🤖 AI Summary
This study presents the first systematic evaluation of the effectiveness of iterative self-reflection in enabling large language models to correct errors in medical question answering. We compare standard chain-of-thought prompting with multi-turn self-reflection prompting on three benchmarks—MedQA, HeadQA, and PubMedQA—using GPT-4o and GPT-4o-mini. Results indicate that self-reflection does not consistently improve accuracy: it yields only marginal gains on MedQA and shows limited or even detrimental effects on HeadQA and PubMedQA, with additional reflection rounds failing to guarantee performance improvements.
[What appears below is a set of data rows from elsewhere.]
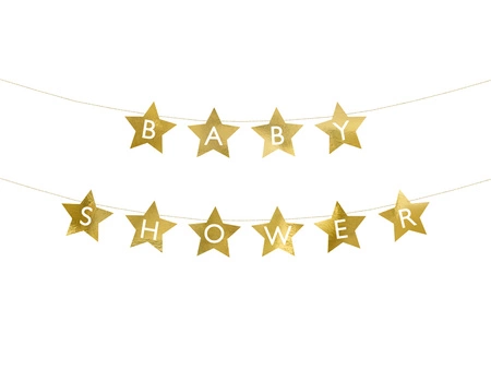 - Baner w kształcie gwiazdek z napisem Baby Shower wykonany z papieru w kolorze złotym, wymiary sznurka ok. 3m.
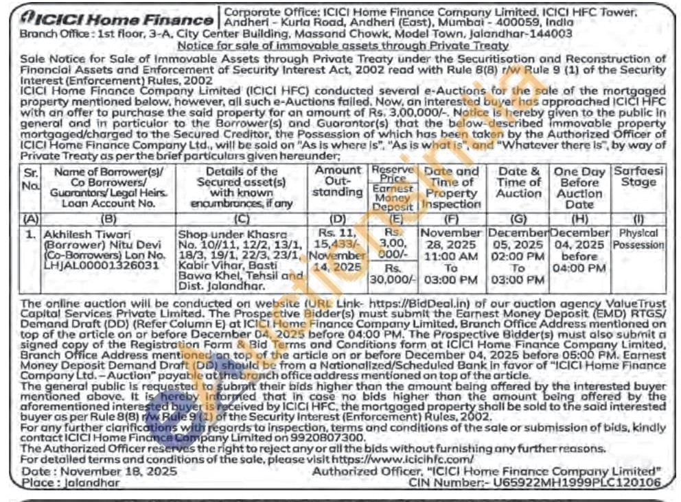 Shop under Khasra No. 10//11, 12/2, 13/1, 18/3, 19/1, 22/3, 23/1, Kabir Vihar, Basti Bawa Khel, Khel, Tehsil Tehs and Dist. Jalandhar.
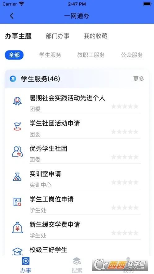 2. 统一办事流程:为用户提供统一咨询服务,解决办事服务中的难点堵点问题;实现全校范围内快速查找服务事项的统一查询服务,一网搜索;教职工部门事项负责人可在工作台处理审批、咨询和评价,完成统一事项办理,办事更高效。

Our findings highlight a significant gap between reasoning transparency and answer correctness, offering crucial empirical evidence regarding the reliability of these models in safety-critical healthcare applications.
📝 Abstract
Large language models (LLMs) have achieved strong performance on medical question answering (medical QA), and chain-of-thought (CoT) prompting has further improved results by eliciting explicit intermediate reasoning; meanwhile, self-reflective (self-corrective) prompting has been widely claimed to enhance model reliability by prompting LLMs to critique and revise their own reasoning, yet its effectiveness in safety-critical medical settings remains unclear. In this work, we conduct an exploratory analysis of self-reflective reasoning for medical multiple-choice question answering: using GPT-4o and GPT-4o-mini, we compare standard CoT prompting with an iterative self-reflection loop and track how predictions evolve across reflection steps on three widely used medical QA benchmarks (MedQA, HeadQA, and PubMedQA). We analyze whether self-reflection leads to error correction, error persistence, or the introduction of new errors. Our results show that self-reflective prompting does not consistently improve accuracy and its impact is highly dataset- and model-dependent: it yields modest gains on MedQA but provides limited or negative benefits on HeadQA and PubMedQA, and increasing the number of reflection steps does not guarantee better performance. These findings highlight a gap between reasoning transparency and reasoning correctness, suggesting that self-reflective reasoning is better viewed as an analytical tool for understanding model behavior rather than a standalone solution for improving medical QA reliability.